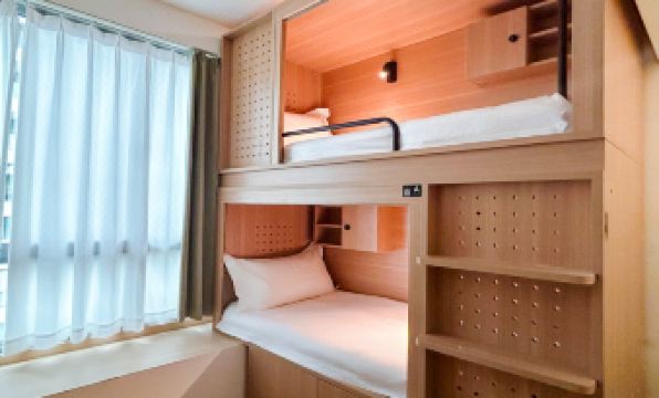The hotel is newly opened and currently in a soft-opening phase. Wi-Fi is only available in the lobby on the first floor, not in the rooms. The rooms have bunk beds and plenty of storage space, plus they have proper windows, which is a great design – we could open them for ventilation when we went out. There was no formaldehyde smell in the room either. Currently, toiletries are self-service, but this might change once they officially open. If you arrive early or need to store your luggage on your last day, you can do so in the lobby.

--------------------------------------------------

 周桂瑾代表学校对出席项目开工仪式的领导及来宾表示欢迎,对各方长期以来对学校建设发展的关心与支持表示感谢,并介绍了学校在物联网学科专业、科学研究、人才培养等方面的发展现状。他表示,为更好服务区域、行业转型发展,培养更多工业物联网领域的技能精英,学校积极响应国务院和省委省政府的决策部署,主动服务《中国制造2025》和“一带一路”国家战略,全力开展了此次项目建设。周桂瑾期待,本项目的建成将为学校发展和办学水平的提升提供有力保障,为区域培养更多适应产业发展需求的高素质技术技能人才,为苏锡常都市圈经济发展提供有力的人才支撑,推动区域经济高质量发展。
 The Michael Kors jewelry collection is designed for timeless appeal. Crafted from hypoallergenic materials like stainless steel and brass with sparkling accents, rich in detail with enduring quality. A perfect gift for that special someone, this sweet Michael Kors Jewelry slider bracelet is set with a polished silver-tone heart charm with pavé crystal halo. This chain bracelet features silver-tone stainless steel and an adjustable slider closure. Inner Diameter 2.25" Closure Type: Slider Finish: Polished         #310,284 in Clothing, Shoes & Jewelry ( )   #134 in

--------------------------------------------------

ACTIVITY:
Lines to set down from above: the line with "周桂瑾代表学校对出席项目开工", the line with "The Michael Kors", and every line between, each exactly as written.

RESULT OF THE TASK:
 周桂瑾代表学校对出席项目开工仪式的领导及来宾表示欢迎,对各方长期以来对学校建设发展的关心与支持表示感谢,并介绍了学校在物联网学科专业、科学研究、人才培养等方面的发展现状。他表示,为更好服务区域、行业转型发展,培养更多工业物联网领域的技能精英,学校积极响应国务院和省委省政府的决策部署,主动服务《中国制造2025》和“一带一路”国家战略,全力开展了此次项目建设。周桂瑾期待,本项目的建成将为学校发展和办学水平的提升提供有力保障,为区域培养更多适应产业发展需求的高素质技术技能人才,为苏锡常都市圈经济发展提供有力的人才支撑,推动区域经济高质量发展。
 The Michael Kors jewelry collection is designed for timeless appeal. Crafted from hypoallergenic materials like stainless steel and brass with sparkling accents, rich in detail with enduring quality. A perfect gift for that special someone, this sweet Michael Kors Jewelry slider bracelet is set with a polished silver-tone heart charm with pavé crystal halo. This chain bracelet features silver-tone stainless steel and an adjustable slider closure. Inner Diameter 2.25" Closure Type: Slider Finish: Polished         #310,284 in Clothing, Shoes & Jewelry ( )   #134 in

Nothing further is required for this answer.